**Assigned task**
Find "Deux-pièces en pur" in the listing below, then set down only that line and each later line, unchanged, leaving out pictures.
Top of Exercise material
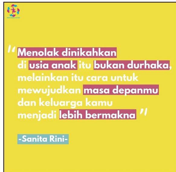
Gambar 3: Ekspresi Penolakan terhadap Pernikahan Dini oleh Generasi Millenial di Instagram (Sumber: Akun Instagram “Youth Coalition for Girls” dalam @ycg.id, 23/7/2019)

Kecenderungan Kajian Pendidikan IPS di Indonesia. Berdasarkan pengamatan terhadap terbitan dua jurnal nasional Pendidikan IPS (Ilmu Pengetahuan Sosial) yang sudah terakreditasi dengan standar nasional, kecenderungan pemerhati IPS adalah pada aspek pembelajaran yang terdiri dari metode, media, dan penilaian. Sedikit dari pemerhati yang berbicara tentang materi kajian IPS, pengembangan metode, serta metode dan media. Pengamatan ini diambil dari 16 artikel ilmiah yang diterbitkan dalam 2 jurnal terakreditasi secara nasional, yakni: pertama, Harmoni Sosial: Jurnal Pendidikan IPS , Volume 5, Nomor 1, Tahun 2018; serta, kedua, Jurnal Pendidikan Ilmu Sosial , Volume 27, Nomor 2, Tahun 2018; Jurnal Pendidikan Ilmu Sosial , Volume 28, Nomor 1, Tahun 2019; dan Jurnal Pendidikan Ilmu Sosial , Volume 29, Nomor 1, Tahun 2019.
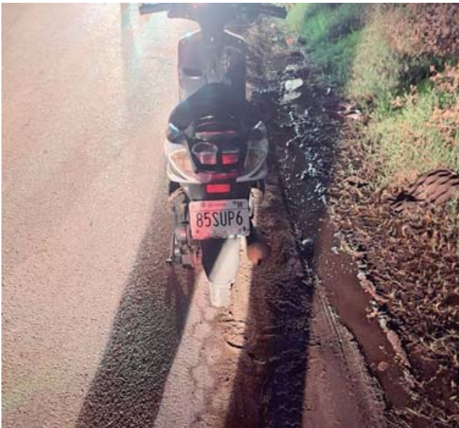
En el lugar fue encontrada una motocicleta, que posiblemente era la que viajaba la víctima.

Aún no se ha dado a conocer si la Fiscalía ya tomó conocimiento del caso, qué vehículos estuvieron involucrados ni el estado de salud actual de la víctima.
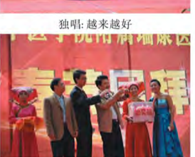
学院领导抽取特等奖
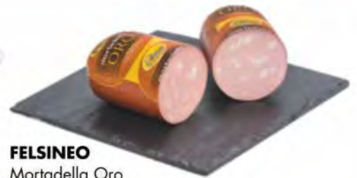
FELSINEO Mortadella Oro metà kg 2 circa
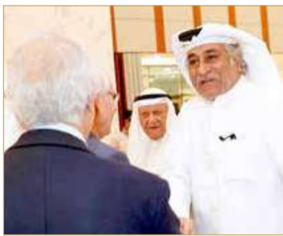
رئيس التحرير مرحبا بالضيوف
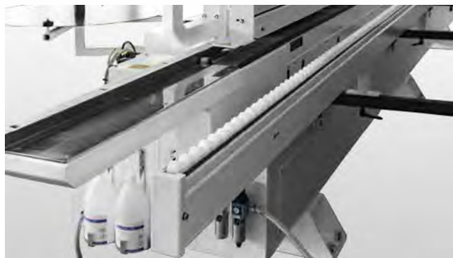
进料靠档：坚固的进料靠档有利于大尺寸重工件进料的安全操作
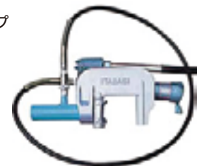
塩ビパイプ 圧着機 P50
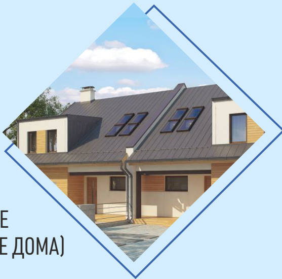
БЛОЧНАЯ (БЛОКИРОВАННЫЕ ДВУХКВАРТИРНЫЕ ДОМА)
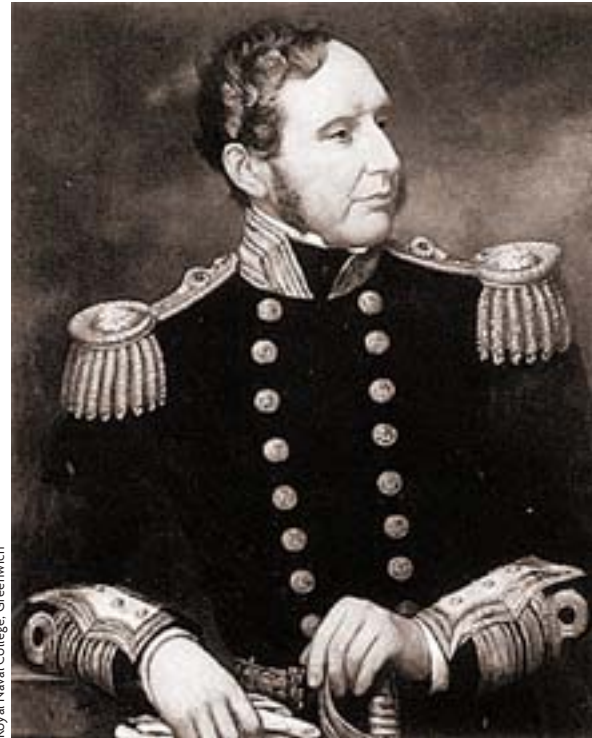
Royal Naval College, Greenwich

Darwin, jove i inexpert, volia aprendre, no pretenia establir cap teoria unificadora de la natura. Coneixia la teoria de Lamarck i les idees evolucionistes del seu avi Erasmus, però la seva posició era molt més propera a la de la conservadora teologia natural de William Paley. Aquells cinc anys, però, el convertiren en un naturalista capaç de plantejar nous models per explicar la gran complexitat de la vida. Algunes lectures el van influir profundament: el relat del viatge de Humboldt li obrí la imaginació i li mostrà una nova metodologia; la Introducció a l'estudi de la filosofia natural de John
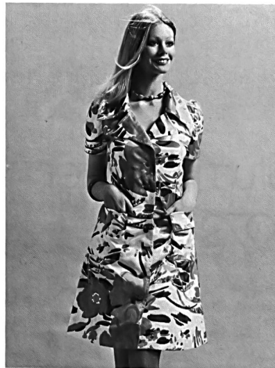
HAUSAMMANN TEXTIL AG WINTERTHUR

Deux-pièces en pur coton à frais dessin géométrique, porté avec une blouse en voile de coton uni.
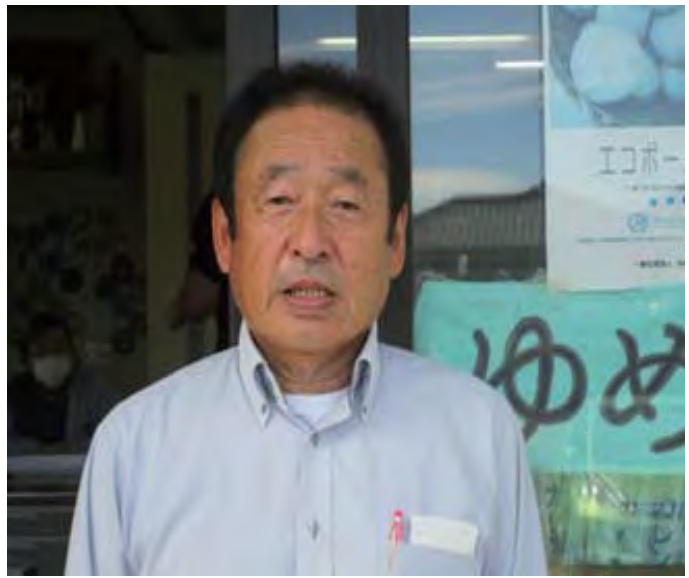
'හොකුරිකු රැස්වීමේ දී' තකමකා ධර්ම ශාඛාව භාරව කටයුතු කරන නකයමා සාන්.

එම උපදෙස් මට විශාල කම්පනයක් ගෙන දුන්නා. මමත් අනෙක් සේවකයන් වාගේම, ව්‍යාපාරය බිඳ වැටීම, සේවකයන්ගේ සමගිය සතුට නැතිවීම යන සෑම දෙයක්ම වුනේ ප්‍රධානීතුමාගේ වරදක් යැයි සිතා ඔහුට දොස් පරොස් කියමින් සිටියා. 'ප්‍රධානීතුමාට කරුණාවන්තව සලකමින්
Bottom of Exercise material
**Exercise output**
Deux-pièces en pur coton à frais dessin géométrique, porté avec une blouse en voile de coton uni.
'හොකුරිකු රැස්වීමේ දී' තකමකා ධර්ම ශාඛාව භාරව කටයුතු කරන නකයමා සාන්.

එම උපදෙස් මට විශාල කම්පනයක් ගෙන දුන්නා. මමත් අනෙක් සේවකයන් වාගේම, ව්‍යාපාරය බිඳ වැටීම, සේවකයන්ගේ සමගිය සතුට නැතිවීම යන සෑම දෙයක්ම වුනේ ප්‍රධානීතුමාගේ වරදක් යැයි සිතා ඔහුට දොස් පරොස් කියමින් සිටියා. 'ප්‍රධානීතුමාට කරුණාවන්තව සලකමින්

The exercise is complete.